### [WHAT TO PRODUCE]
What is wanted is the full listing, word for word, without its pictures.
── EXERCISE DATA
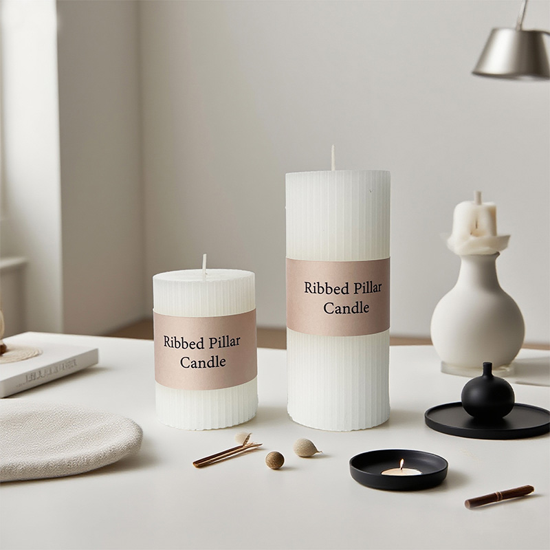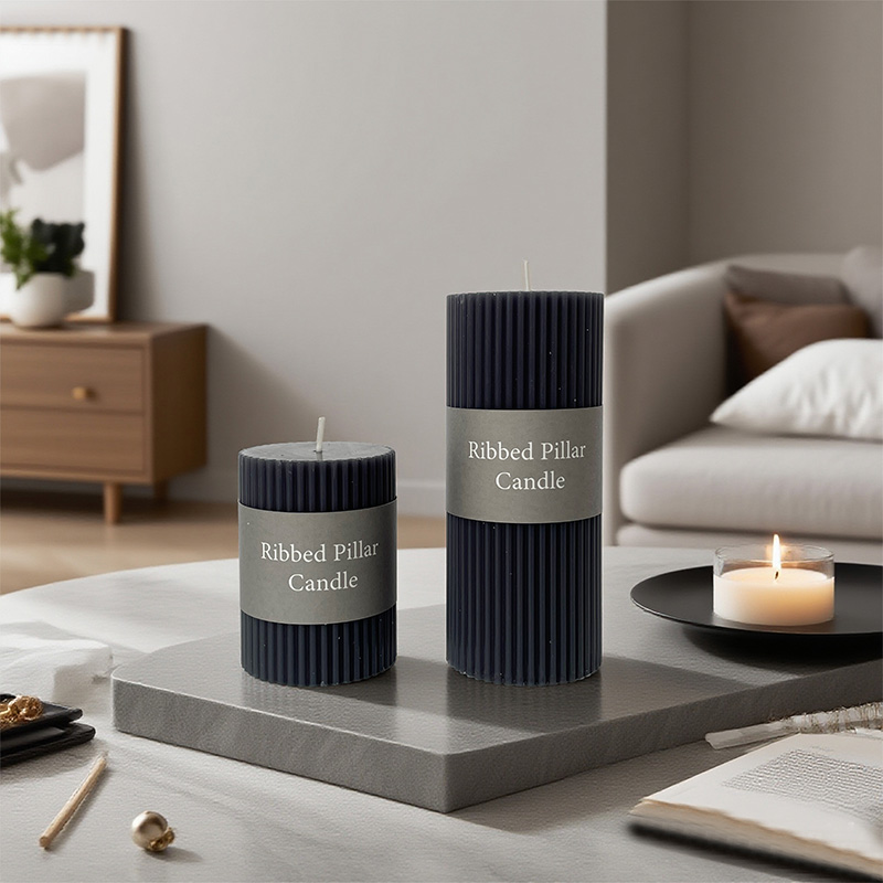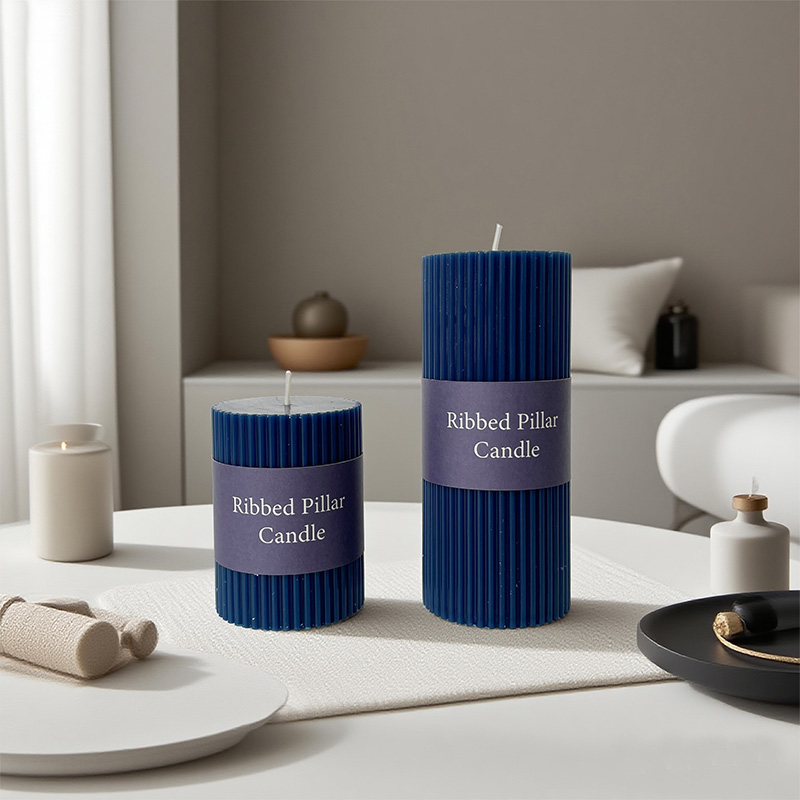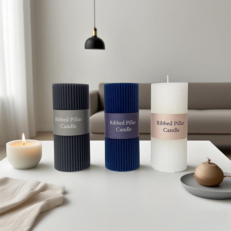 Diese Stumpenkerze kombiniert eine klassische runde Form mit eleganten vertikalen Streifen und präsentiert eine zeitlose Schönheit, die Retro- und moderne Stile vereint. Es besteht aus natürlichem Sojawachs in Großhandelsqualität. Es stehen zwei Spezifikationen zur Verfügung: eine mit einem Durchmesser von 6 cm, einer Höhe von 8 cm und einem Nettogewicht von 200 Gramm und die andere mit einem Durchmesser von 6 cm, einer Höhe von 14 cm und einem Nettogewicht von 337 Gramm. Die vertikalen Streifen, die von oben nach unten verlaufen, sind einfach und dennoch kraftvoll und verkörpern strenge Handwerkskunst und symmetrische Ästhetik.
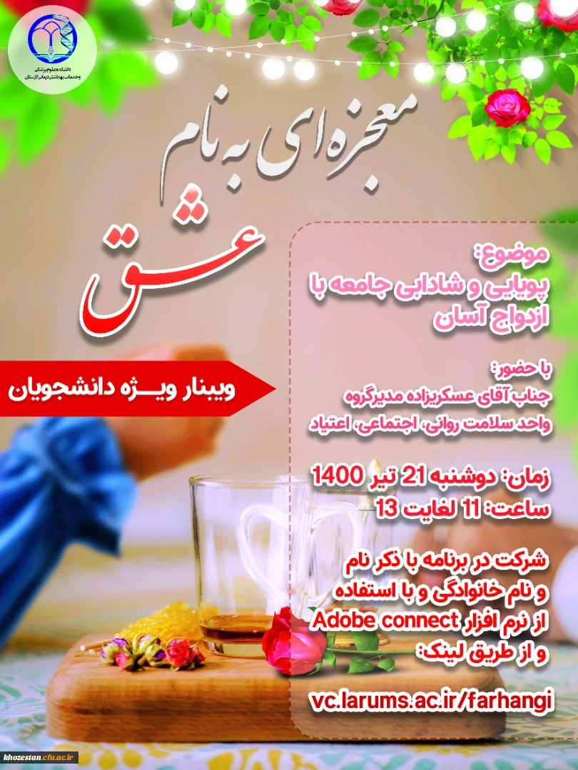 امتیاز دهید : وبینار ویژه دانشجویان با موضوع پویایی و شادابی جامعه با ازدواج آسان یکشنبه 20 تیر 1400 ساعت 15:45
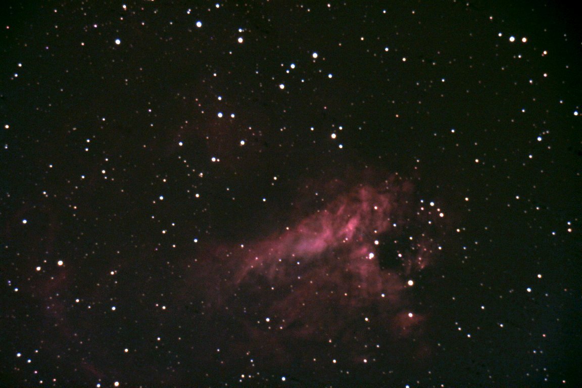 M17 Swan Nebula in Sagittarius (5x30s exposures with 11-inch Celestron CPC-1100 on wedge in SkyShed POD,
────
### [EXERCISE RESULT]
 Diese Stumpenkerze kombiniert eine klassische runde Form mit eleganten vertikalen Streifen und präsentiert eine zeitlose Schönheit, die Retro- und moderne Stile vereint. Es besteht aus natürlichem Sojawachs in Großhandelsqualität. Es stehen zwei Spezifikationen zur Verfügung: eine mit einem Durchmesser von 6 cm, einer Höhe von 8 cm und einem Nettogewicht von 200 Gramm und die andere mit einem Durchmesser von 6 cm, einer Höhe von 14 cm und einem Nettogewicht von 337 Gramm. Die vertikalen Streifen, die von oben nach unten verlaufen, sind einfach und dennoch kraftvoll und verkörpern strenge Handwerkskunst und symmetrische Ästhetik.
 امتیاز دهید : وبینار ویژه دانشجویان با موضوع پویایی و شادابی جامعه با ازدواج آسان یکشنبه 20 تیر 1400 ساعت 15:45
 M17 Swan Nebula in Sagittarius (5x30s exposures with 11-inch Celestron CPC-1100 on wedge in SkyShed POD,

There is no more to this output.